Tracing and Observability
Outbox dispatchers form the connective layer of your system. Without visibility, diagnosing cross service flows becomes impossible. Integrating OpenTelemetry tracing here is vital. Tag spans with message IDs, entity IDs, and event types, then export traces to Application Insights or Grafana Tempo. The result is an end to end trace showing how a command in one API triggers a chain of Outbox writes and Event Grid publishes that culminate in a state change somewhere else.
Testing
Testing eventual consistency feels counter intuitive because you can’t assert instantaneous state. Instead, you assert convergence over time. Write integration tests that wait until all events for a given aggregate have propagated.
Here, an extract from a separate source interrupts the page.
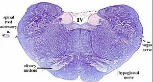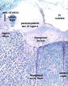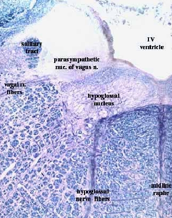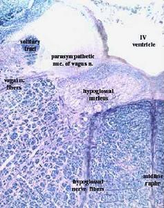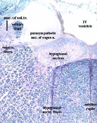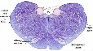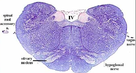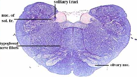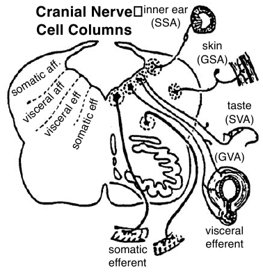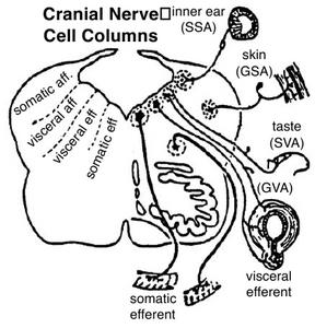 Aferentes viscerales generales (GVA): localizados laterales a la columna GVE y compuesto por un único núcleo denominado núcleo solitario o núcleo del tracto solitario, el cual está asociado con IX y X, recibiendo la sensación visceral de la faringe, laringe y porciones del esófago.
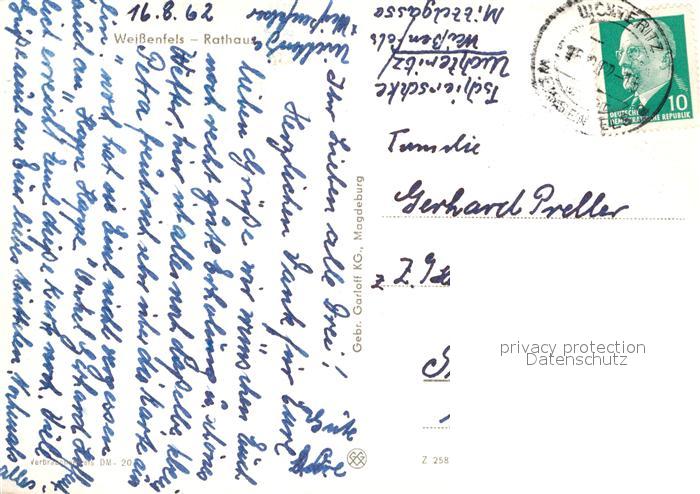 72964493 alte Postkarte Weissenfels Saale Rathaus postalisch gelaufen Erhaltung siehe scans [FriedD77] KatCode: 11110015084550

Use in memory Event Grid simulators during tests and verify that Outbox records eventually reach a dispatched state. This shows wether the system eventually stabilises into the correct outcome.
Evolving the Pattern
The Outbox + Event Grid combination is only the beginning. You can extend it with an Inbox pattern to handle deduplication, or introduce a “Transaction Log Tailing” approach where change data capture streams replace explicit Outbox tables. You can even replace Event Grid with Service Bus Topics for ordered message delivery when required. What we really care about is that the transaction boundary remains local and the communication remains event driven.
Distributed systems can’t pretend to be monoliths. The Outbox pattern and Azure Event Grid let you model cross service coordination without DTC. You gain scalability, traceability, and resilience at the cost of simplicity, and that’s a trade worth making more times than not.